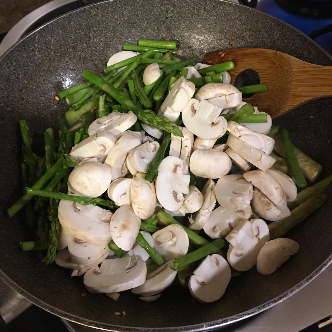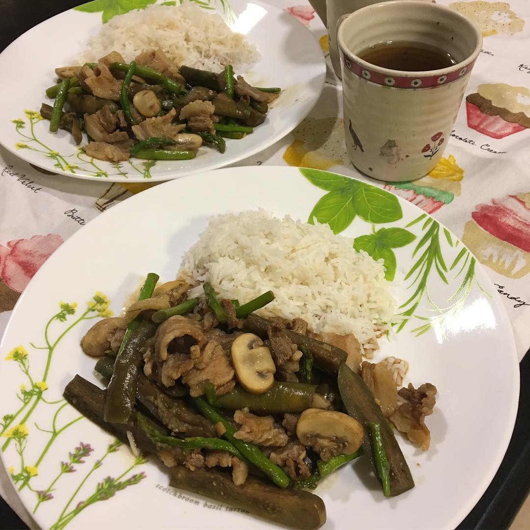 昨夜はナスの残りを炒め、更にマッシュルームとアスパラガスを炒め、適当和風テイストに味付けした豚肉をどんと炒める。日本では、最低限の調味料しか購入しないが、YOUKIの甜麺醤はしばしば買う。わたしの苦手なMSG(アミノ酸など、と表記される化学調味料)が入っていないのが決め手である。
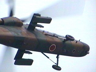 から反転して飛び去ります。どう考えたって、後ろ向きに上昇するなんて非常識(笑)マイナスGでのコントロールや後進上昇なんて非常識な事ができるのはOH-1がそれだけ凄いヘリだってこと。
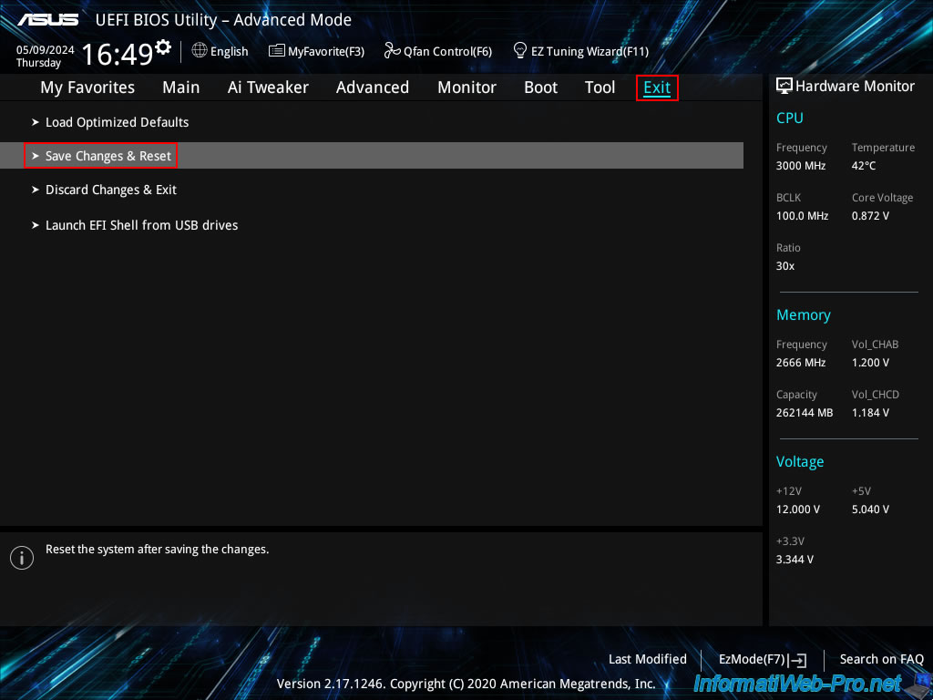 Maintenant, allez dans l'onglet "Exit" et cliquez sur : Save Changes & Reset.
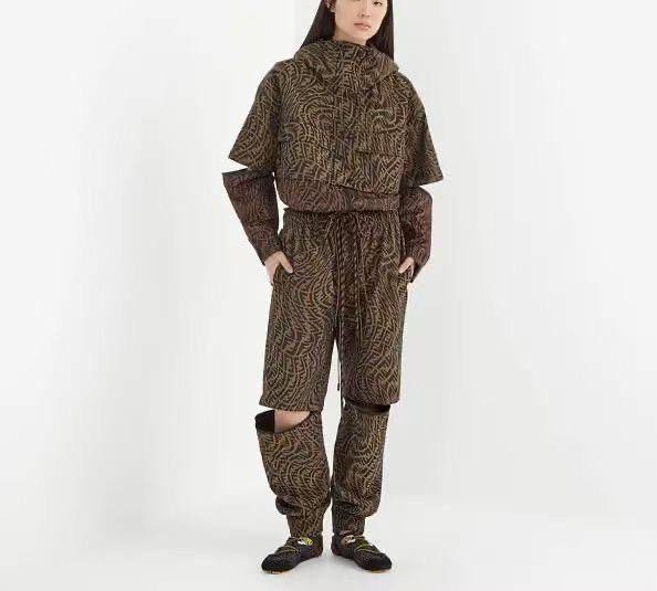 Костюм Fendi LUX-54765 представляет собой комплект спортивной одежды, выполненный в узнаваемом стиле бренда. Верхняя часть выполнена в виде короткой толстовки с капюшоном и рукавами типа "кимоно", украшенной фирменным принтом Fendi. Брюки свободного кроя, с кулиской на талии, также декорированы тем же узором. Дизайн костюма сочетает в себе элементы спортивного шика и высокую моду.
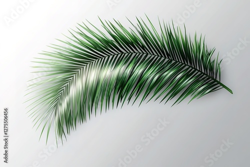 Exotic Tropical Palm Leaf Close-Up: Lush Green Foliage Isolated on Pure White Background, Perfect for Summer Designs, Tropical Themed Projects, Vacation Branding, Website Banners, and Print
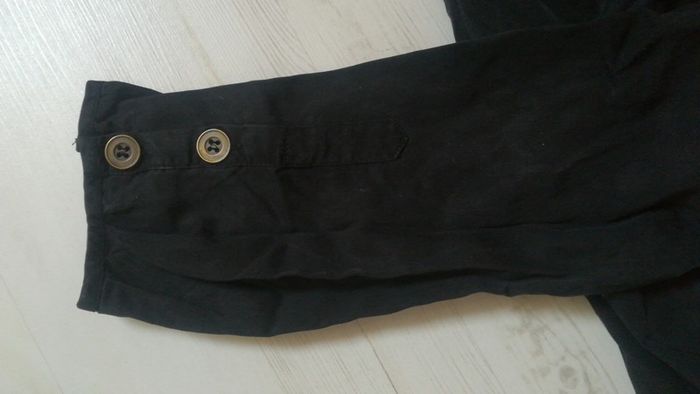 Chemisier 1 fermeture à pression + 1 bouton 2 poches latérales + 1 poche poitrine 140 cm de hauteur (épaule au bas) Matière légère
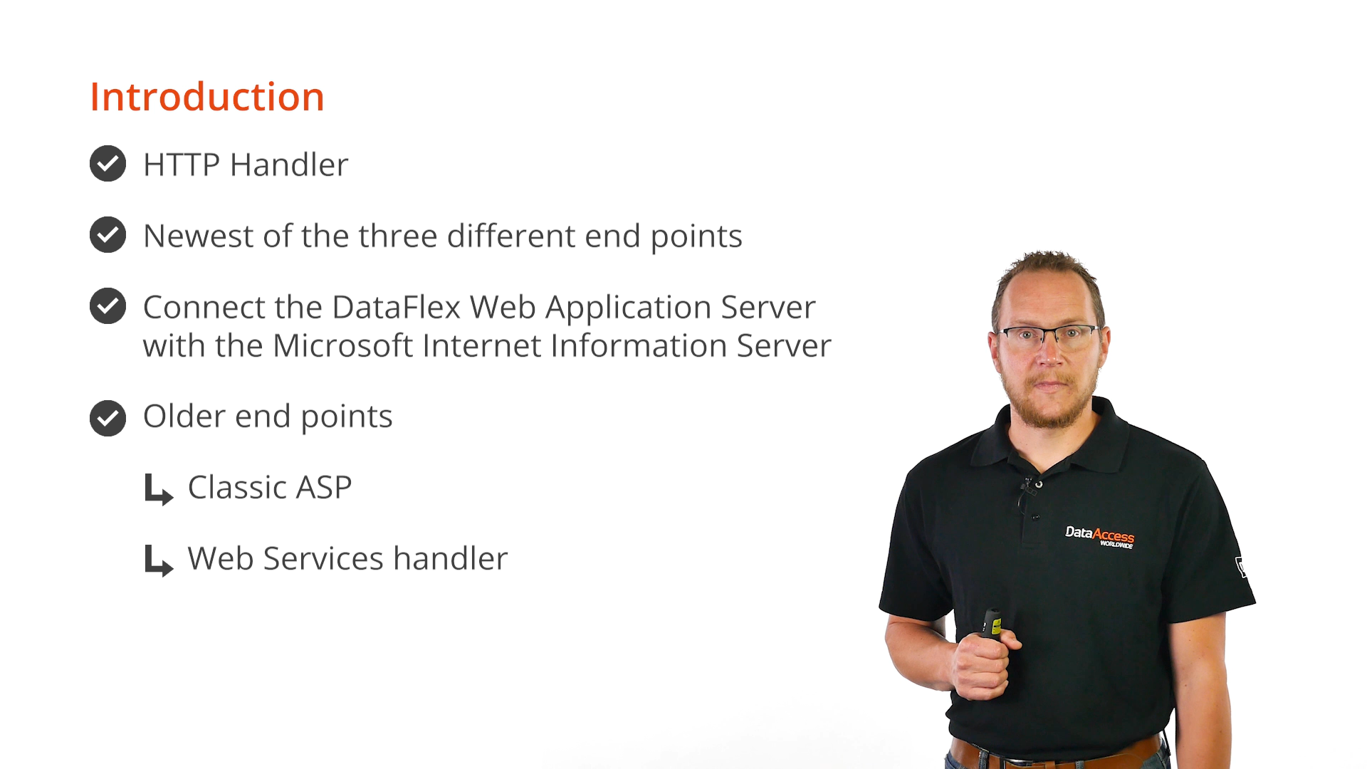 The HTTP Handler is the newest of the three different end points that connect the DataFlex Web Application Server with the Microsoft Internet Information Server (IIS).
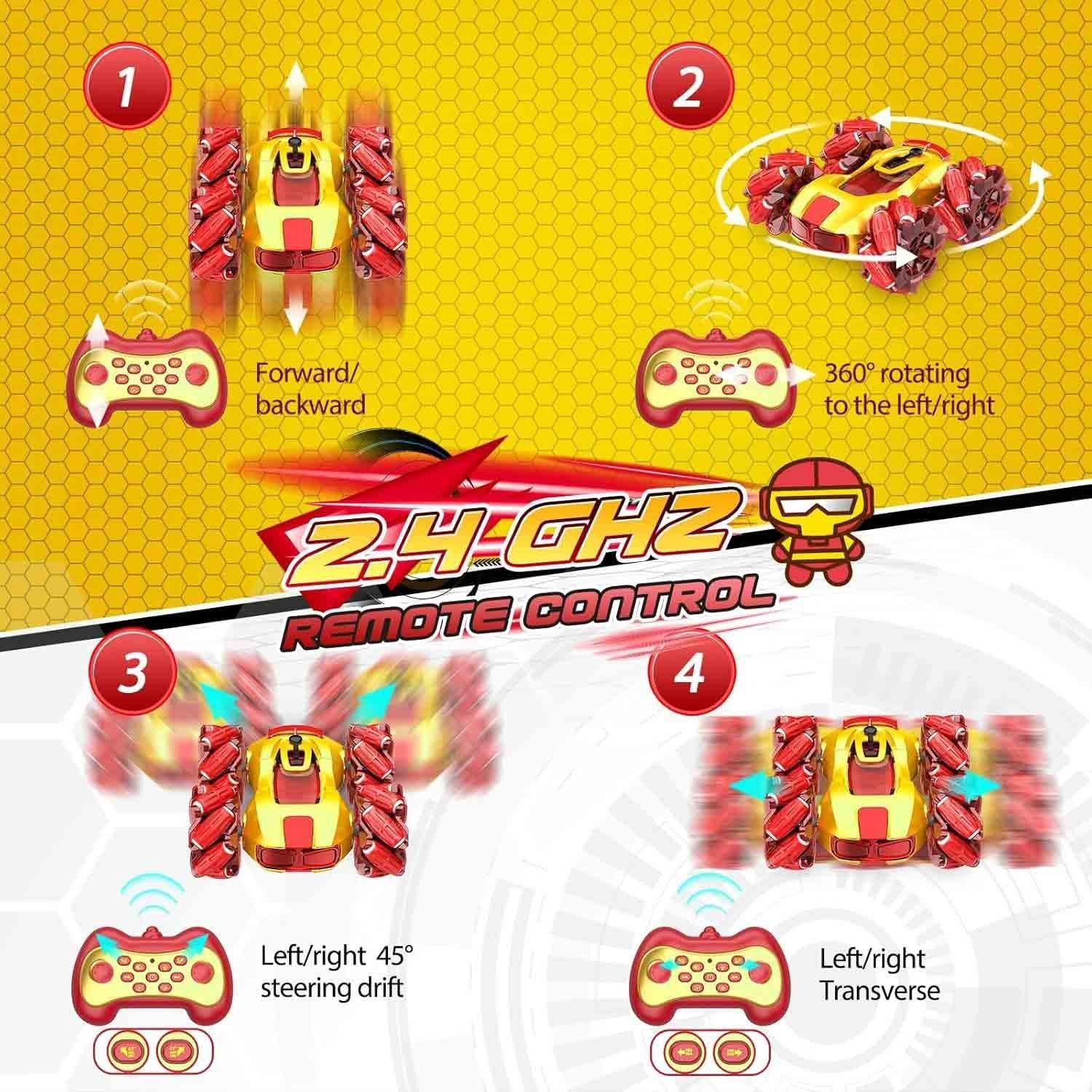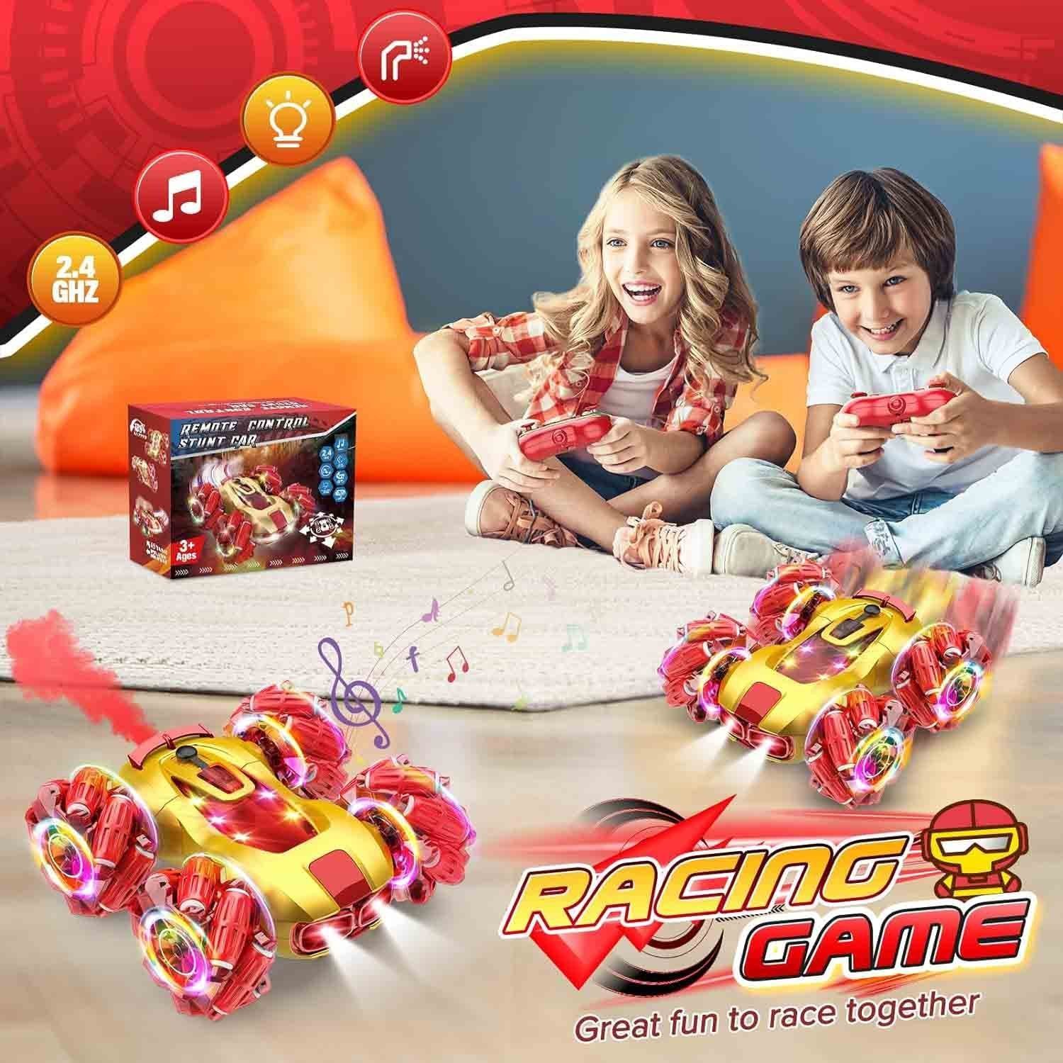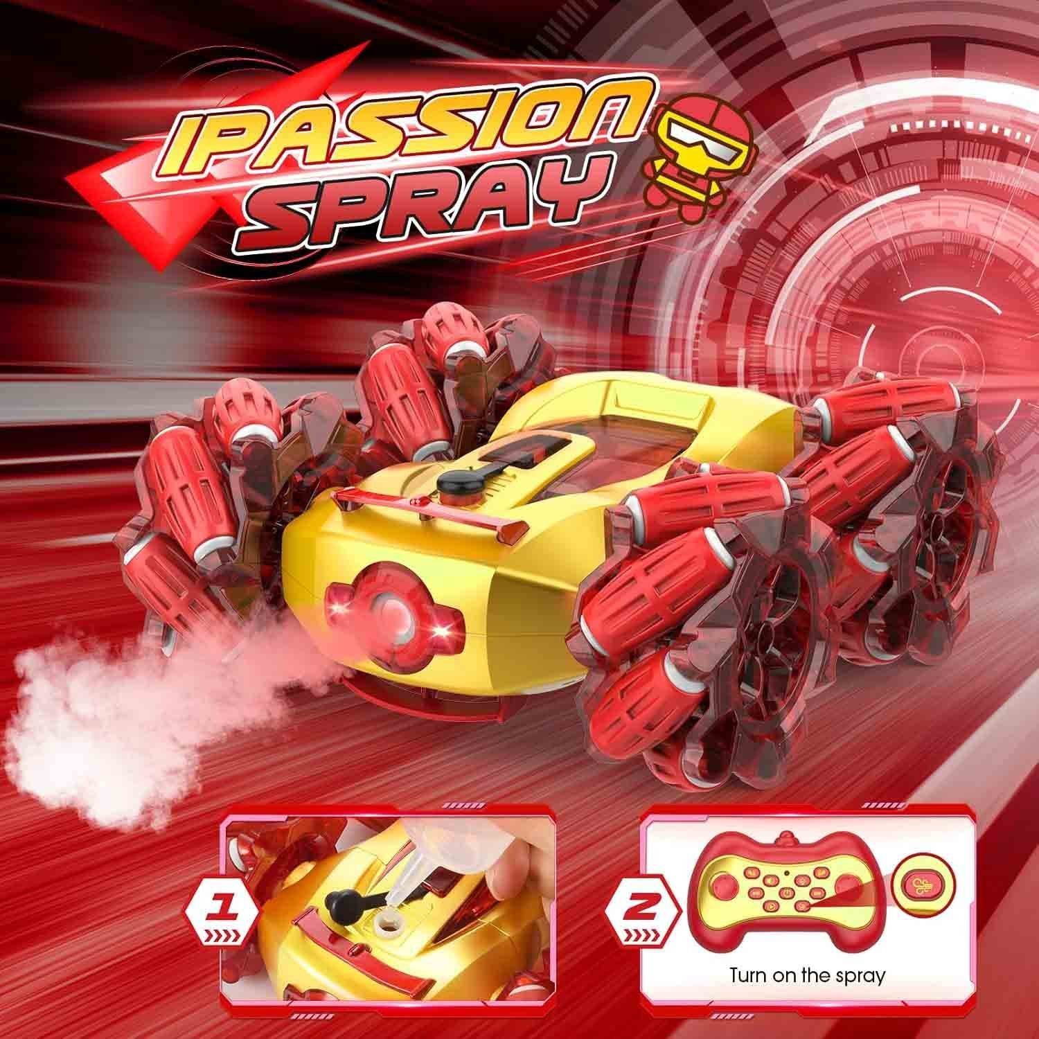 • The Braxel Remote Control Car is the ultimate gift for boys aged 3-12, designed to provide endless fun and excitement. With its upgraded multi-function capabilities, the car can move forward, backward, rotate, drift, and perform 360° spins, making it perfect for outdoor play. The car features a vibrant red and gold design that is loved by kids, along with built-in spray and music functions. Equipped with a long-lasting rechargeable battery and USB Type-C charging, the car ensures hours of uninterrupted play. Its durable, impact-resistant tires allow it to easily navigate any terrain. An ideal gift for birthdays or special occasions!

##########

* [Action item]: Reproduce exactly the lines of the data above that run from the line with "から反転して飛び去ります。ど" down to the line with "Chemisier 1 fermeture", both ends included. Pictures do not belong in the copy.

* [Result for this task]:
 から反転して飛び去ります。どう考えたって、後ろ向きに上昇するなんて非常識(笑)マイナスGでのコントロールや後進上昇なんて非常識な事ができるのはOH-1がそれだけ凄いヘリだってこと。
 Maintenant, allez dans l'onglet "Exit" et cliquez sur : Save Changes & Reset.
 Костюм Fendi LUX-54765 представляет собой комплект спортивной одежды, выполненный в узнаваемом стиле бренда. Верхняя часть выполнена в виде короткой толстовки с капюшоном и рукавами типа "кимоно", украшенной фирменным принтом Fendi. Брюки свободного кроя, с кулиской на талии, также декорированы тем же узором. Дизайн костюма сочетает в себе элементы спортивного шика и высокую моду.
 Exotic Tropical Palm Leaf Close-Up: Lush Green Foliage Isolated on Pure White Background, Perfect for Summer Designs, Tropical Themed Projects, Vacation Branding, Website Banners, and Print
 Chemisier 1 fermeture à pression + 1 bouton 2 poches latérales + 1 poche poitrine 140 cm de hauteur (épaule au bas) Matière légère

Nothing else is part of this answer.